Warc (www.warc.com), the marketing intelligence service, expects global advertising spend (based on 12 major markets) to increase by 2.3% at current prices in 2015, according to its latest International Ad Forecast. This represents a downgrade of 2.5pp from the 4.8% growth forecast in our previous report in December. We anticipate further growth of 4.5% next year. If inflation is taken into account, global adspend in real terms is expected to rise by 1.2% this year and a further 2.4% in 2016. The 12 markets studied comprise 75% of all advertising expenditure tracked by Warc. The 2015 outlook has been downgraded for half of our 12 major markets including the two largest, the US (-3.0pp) and China (-1.5pp). The biggest single cut was for Russia (-15.1pp), which is suffering from low oil prices and decreasing consumer spend.
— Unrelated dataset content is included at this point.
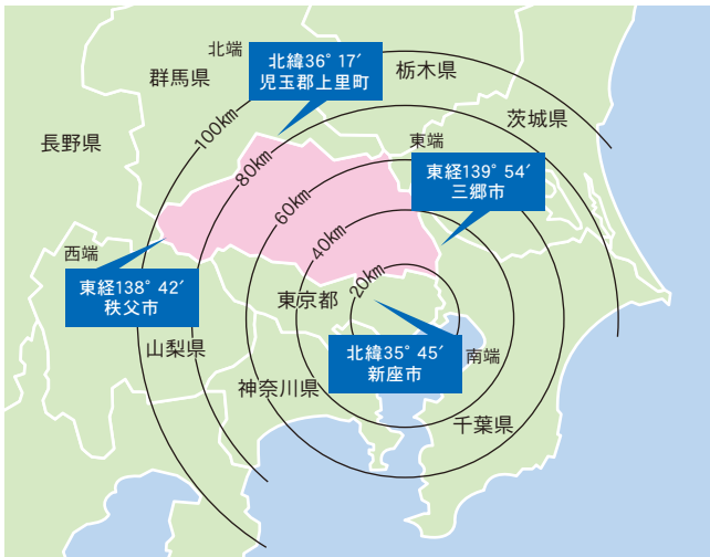
(県土地水政策課「土地利用現況把握調査」)

(総務省「国勢調査」 県土地水政策課「土地利用現況把握調査」 県統計「県民経済計算」)

  Current prices Constant 2005 prices* Percentage point change vs December (current prices)
Australia 2.6 0.7 +0.2
Brazil 4.8 3.1 +1.1
Canada 0.8 -0.4 -2.9
China 9.0 7.0 -1.5
France -0.2 -0.4 -0.5
Germany 2.1 1.6 +0.7
India 16.1 9.8 +1.0
Italy 0.2 0.1 -0.7
Japan 1.9 1.0 +0.3
Russia -13.1 -24.4 -15.1
UK 6.6 6.3 -0.3
US 1.4 0.9 -3.0
Global 2.3 1.2 -2.5

India (16.1%) and China (9.0%) are predicted to record the strongest annual increases in adspend in 2015, however both are susceptible to high levels of inflation. The UK then follows, with estimated growth of 6.6% this year. Russia (-13.1%) and France (-0.2%) are the only markets in which we expect spend to decline. The US, the world's largest ad market, is expected to see adspend rise 1.4% this year after a downgrade of 3.0pp since our last report. American television is the largest single medium for advertising in the world, and spend hit a record US$65.7bn in 2014. However, without the stimulus of major sporting and political events, and a weak ‘upfronts’ period earlier this year, we forecast an annual fall in US TV adspend of 3.3% in 2015. Looking to 2016, we expect all markets – with the exception of Russia – to show growth in adspend at current prices. India will continue to increase advertising spend at the fastest rate (+12.4%), followed by Brazil (+7.7%), which should benefit from hosting the Olympics.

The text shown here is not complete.